__Source data__
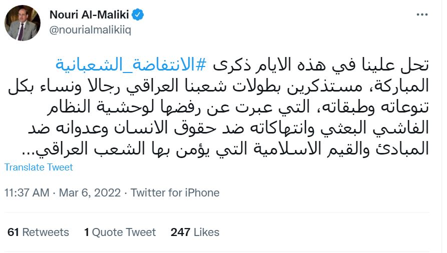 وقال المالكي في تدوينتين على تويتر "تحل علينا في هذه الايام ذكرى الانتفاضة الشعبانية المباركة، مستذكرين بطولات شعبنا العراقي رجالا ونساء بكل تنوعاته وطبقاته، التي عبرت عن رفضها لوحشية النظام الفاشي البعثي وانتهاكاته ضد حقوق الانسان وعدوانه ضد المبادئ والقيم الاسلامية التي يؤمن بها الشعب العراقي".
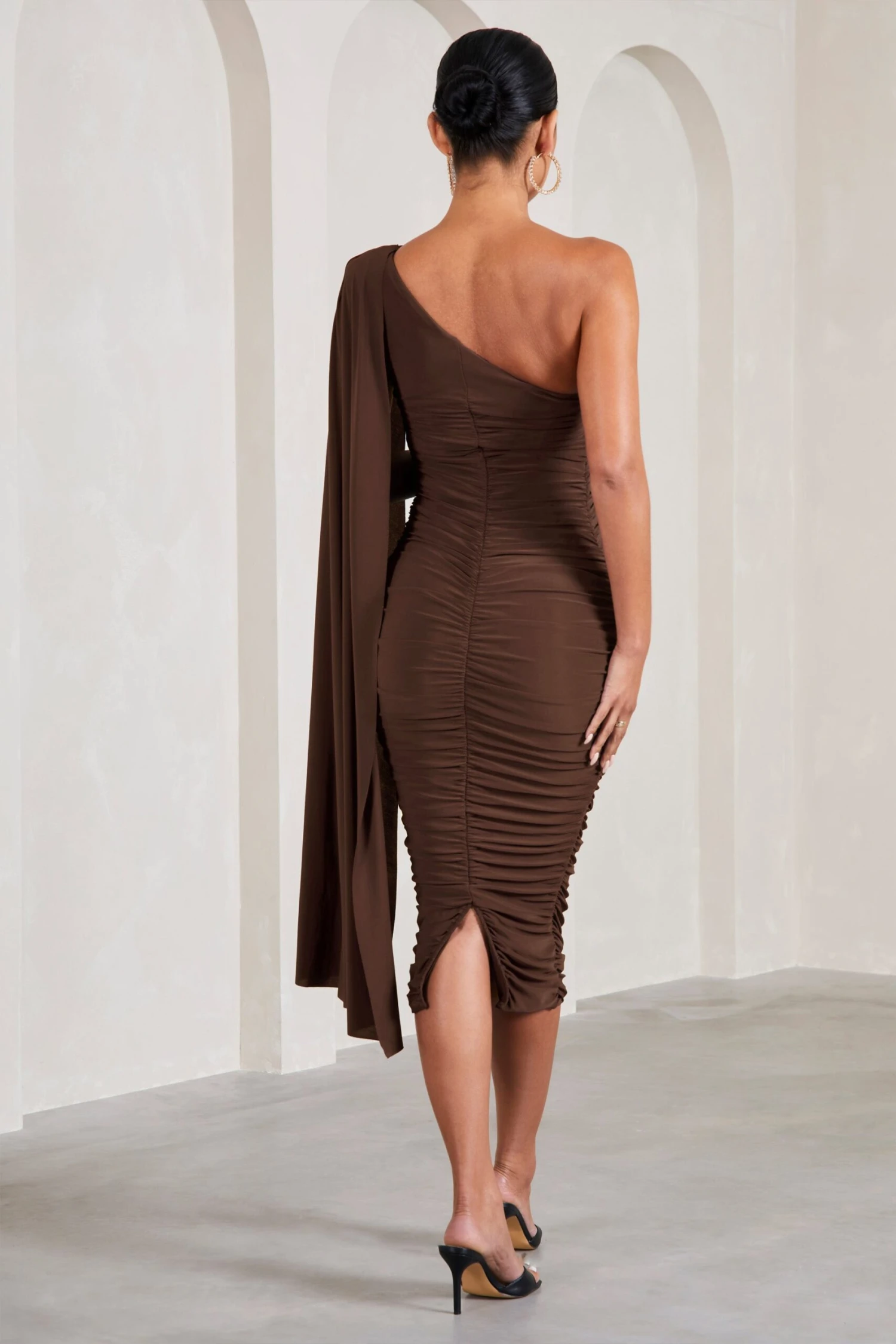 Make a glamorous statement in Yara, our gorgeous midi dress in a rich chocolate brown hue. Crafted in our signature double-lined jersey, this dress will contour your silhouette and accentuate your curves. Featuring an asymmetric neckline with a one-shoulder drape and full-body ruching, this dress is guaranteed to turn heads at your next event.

==

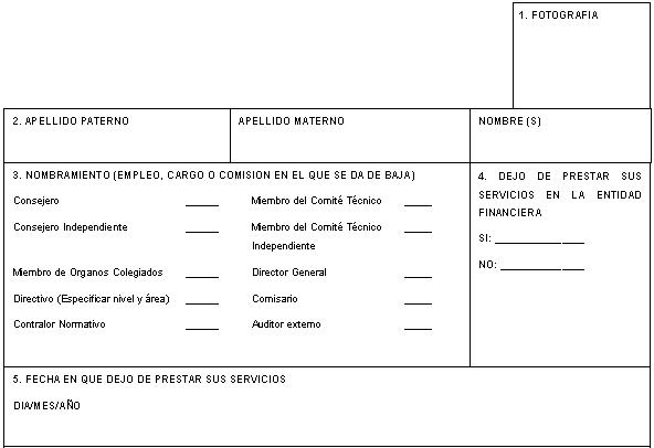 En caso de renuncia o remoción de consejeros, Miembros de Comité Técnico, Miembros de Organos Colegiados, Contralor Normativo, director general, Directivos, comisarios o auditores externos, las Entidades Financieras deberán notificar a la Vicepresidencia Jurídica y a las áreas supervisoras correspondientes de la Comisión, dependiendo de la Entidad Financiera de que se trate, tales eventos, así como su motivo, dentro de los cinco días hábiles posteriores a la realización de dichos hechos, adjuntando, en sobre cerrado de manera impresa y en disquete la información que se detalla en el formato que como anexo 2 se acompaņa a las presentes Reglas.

__Instructions for the task__
Copy only the lines above from the one containing "وقال المالكي في" through the one containing "Make a glamorous", both included. Leave out the pictures.

__Answer for the task__
 وقال المالكي في تدوينتين على تويتر "تحل علينا في هذه الايام ذكرى الانتفاضة الشعبانية المباركة، مستذكرين بطولات شعبنا العراقي رجالا ونساء بكل تنوعاته وطبقاته، التي عبرت عن رفضها لوحشية النظام الفاشي البعثي وانتهاكاته ضد حقوق الانسان وعدوانه ضد المبادئ والقيم الاسلامية التي يؤمن بها الشعب العراقي".
 Make a glamorous statement in Yara, our gorgeous midi dress in a rich chocolate brown hue. Crafted in our signature double-lined jersey, this dress will contour your silhouette and accentuate your curves. Featuring an asymmetric neckline with a one-shoulder drape and full-body ruching, this dress is guaranteed to turn heads at your next event.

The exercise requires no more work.